Condition 1: The pdfs are distinct, i.e. $\theta \neq \theta ^{\prime} \Rightarrow f(x_i;\theta)\neq f(x_i;\theta ^{\prime}) $

Note that this condition essentially states that the parameter identifies the pdf.

Condition 2: The pdfs have common support for all $\theta$

What this implies is that the support does not depend on $\theta$

Condition 3:The point $\theta_0$, the real parameter that is, is an interior point in some set $\Omega$

The last one concerns the possibility that $\theta$ appears in the endpoints of an interval.
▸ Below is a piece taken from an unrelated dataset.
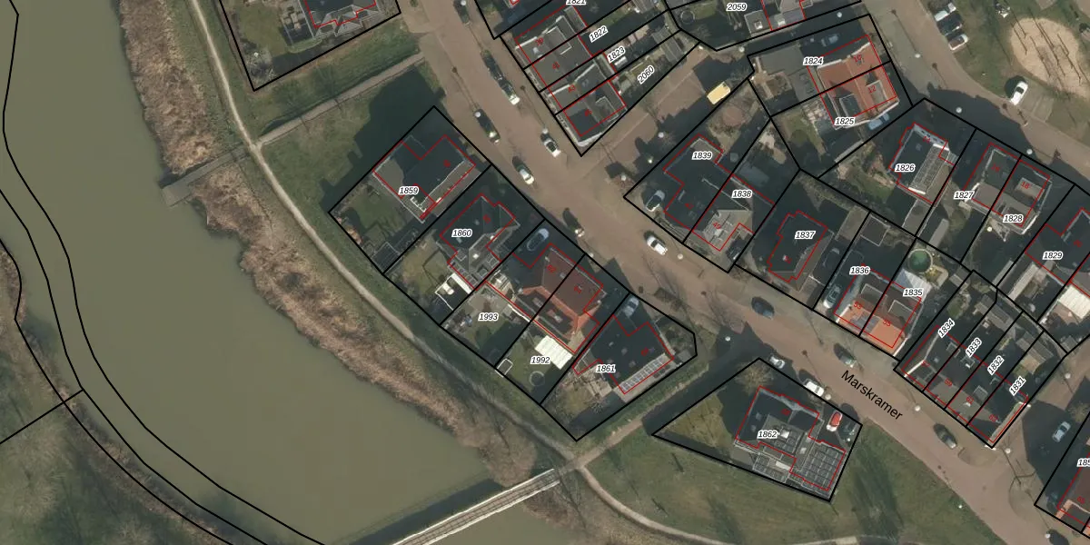 Het perceel waarop Marskramer 62 staat heeft een oppervlakte van 305 m². Dit is een groot perceel. De perceeloppervlakte wordt geregistreerd door het Kadaster. Gedetailleerde informatie over de maten van dit perceel kunt u vinden in het rapport Kadastrale kaart met maatvoering van Marskramer 62.

These three together guarantee that the likelihood is maximised at the true parameter $\theta_0$ and then that the mle $\hat{\theta}$ that solves the equation

$$\frac{\partial l(\theta)} {\partial \theta}=0$$

is consistent.

Condition 4: The pdf $f(x;\theta)$ is twice differentiable as a function of $\theta$

Condition 5: The integral $\int_{-\infty}^{\infty} f(x;\theta)\ \mathrm dx$ can be differentiated twice under the integral sign as a function of $\theta$

We need the last two to derive the Fisher Information which plays a central role in the theory of convergence of the mle.

For some authors these suffice but if we are to be thorough we additionally need a final condition that ensures the asymptotic normality of the mle.

Condition 6:The pdf $f(x;\theta)$ is three times differentiable as a function of $\theta$. Further for all $\theta \in \Omega$, there exist a constant $c$ and a function $M(x)$ such that

$$\left| \frac{\partial^3 log f(x;\theta)}{\partial \theta^3} \right| \leq M(x)$$

with $E_{\theta_0} \left[M(X)\right] <\infty$ for all $|\theta-\theta_0|<c$ and all $x$ in the support of $X$

Essentially the last condition allows us to conclude that the remainder of a second order Taylor expansion about $\theta_0$ is bounded in probability and thus poses no problem asymptotically.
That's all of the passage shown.